А в городе зелень, как нападение инопланетян: забила углы, перекрестки, тупики, вспучилась на балконах – кудрявая, плотная, сочная масса. Особенно ночью хорошо (да и днём неплохо – пока со света глаза привыкнут…). Шаг в сторону, в кусты – и нет меня. И отлить всегда есть где и пообжиматься. Кстати. Было. Место такое в старом городе – «окей клуб» (сгорел). Собирались в нём неформалы: панки, готы (гОтов тогда может еще и не было...), рейверы, металлисты. Я тоже там собирался постоянно… Собирался, собирался и один раз как собрался - в самую тусовку зашел. По серединке. Стою. Курю. А у меня были джинсы единственные – одна коленка просто рваная, а на второй заплатка с глазом из бисера (сам шил). Я этот глаз впялил куда-то между самых красивых длинных стройных ног. …А еще очки как у Боно с желтыми стеклами и белая майка-стрейч (я тогда был плоский, высушенный, как гад морской к пиву). Повел я ее в парк (не ту самую ногастую - попроще, но тоже ничего), на скамейку инопланетянами в плен взятую. И мне казалось тогда – какой прекрасный парк! А он поганый, зассаный, у скульптуры рука отломана (да и нога, и голова…), под скамьей пиво недопитое, сигарета недокуренная, гандон недоиспользованный.

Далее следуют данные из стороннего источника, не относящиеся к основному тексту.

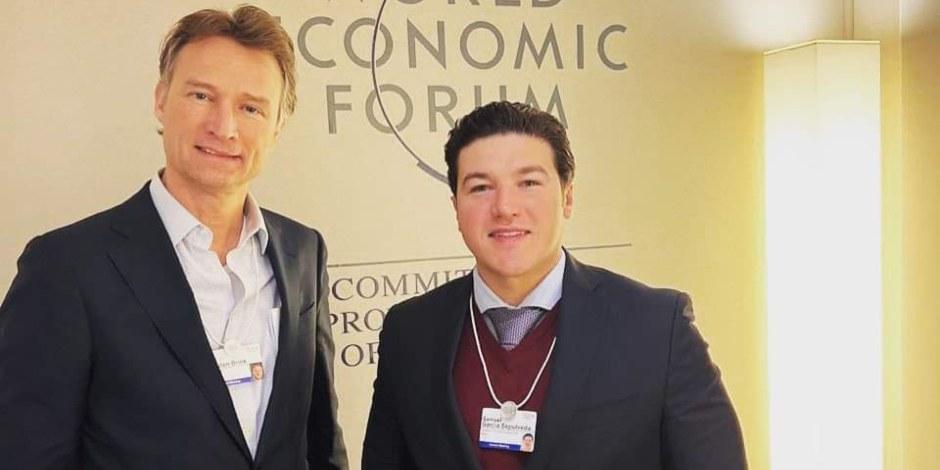 Redacción, Noticias MX Político.-  En su segundo día de actividades en el Foro Económico Mundial en Davos, Suiza, el gobernador Samuel García Sepúlveda se reunió con Dolf van den Brink, CEO de Heineken, para hablar sobre materia de inversión en tecnología para eficientizar los procesos en la planta de Nuevo León.

Страшно. Потому что не повторится никогда. Это даже не старость. (Какая старость в тридцать четыре года?) Есть такой термин в возрастной психологии: НУВЭРС. Необратимое Угасание Возможности Эффективного Развития Способности. Типа того… Необратимо угасла возможность эффективно кого-то поиметь в городском парке.

Я не жалею. Мне просто страшно. Нет того города. «Грота» нет. Тоже место такое было… Дискотека. (чувствуете, как архаично звучит? как фонотека. или библиотека… ) На колоннах зеркала квадратами, а напротив танцуют девушки разные: красивые, некрасивые – не важно уже. И все курят, и пускают дым друг на друга, толкаются и случайно орошают алкоголем – потому что тесно. Я все продумываю комбинацию сложную – куда мне выдвинуться? В серединку? В правый верхний квадрат? Левый нижний? Надо выпить.

Летнее кафе. Шашлык в пластиковой тарелке, об который ломаются пластиковые зубья пластиковой вилки. Сидишь на неудобном пластиковом стуле и пьешь из пластикового стакана водянистое с пузырьками пиво. Периодически отлучаешься туда же – к инопланетянам. Там распласталась на дереве парочка как гекконы. Что их удерживает? Движение, наверное… …Сначала всё снесли и построили автостоянку, потом пустырь, а теперь многоквартирный дом с людьми, которым негде парковать машины. Откуда вас столько? Зачем? Логаны ваши, поло, калины и солярисы. Вот у Митяя была «восьмерка». Он на ней и не ездил никогда. Хуйня потому что. Ломалась постоянно.

Иногда я стою в городе и не понимаю куда двигаться. В левый верхний квадрат? Правый нижний? Его нет. Того города. Даже общага на Энгельса за капитальной железной дверью. Я прижимаюсь к ней ухом. Там где-то я, в глубине, варю на общей кухне плов и гоняю тапком крыс, мне налили соседи водки и жена (еще не жена) что-то вещает из радиоприемника по «радио-рейтинг» (разорилось) с притворным оптимизмом и ставит U2.

Лес

Видимо от волнения я сдавил пластиковый стаканчик так, что он превратился в эллипс. Дьяк плеснул в него водки, я ослабил хватку, уровень жидкости подупал. Водка провалилась и дала о себе знать, только кольнув внизу живота. «Повторяем» - проговорил Дьяк, наливая снова мне первому, потом Рыжему и уже последнему себе. «Теперь смотри… Чувствуешь?» - Дьяк плавно повел рукой. Я огляделся.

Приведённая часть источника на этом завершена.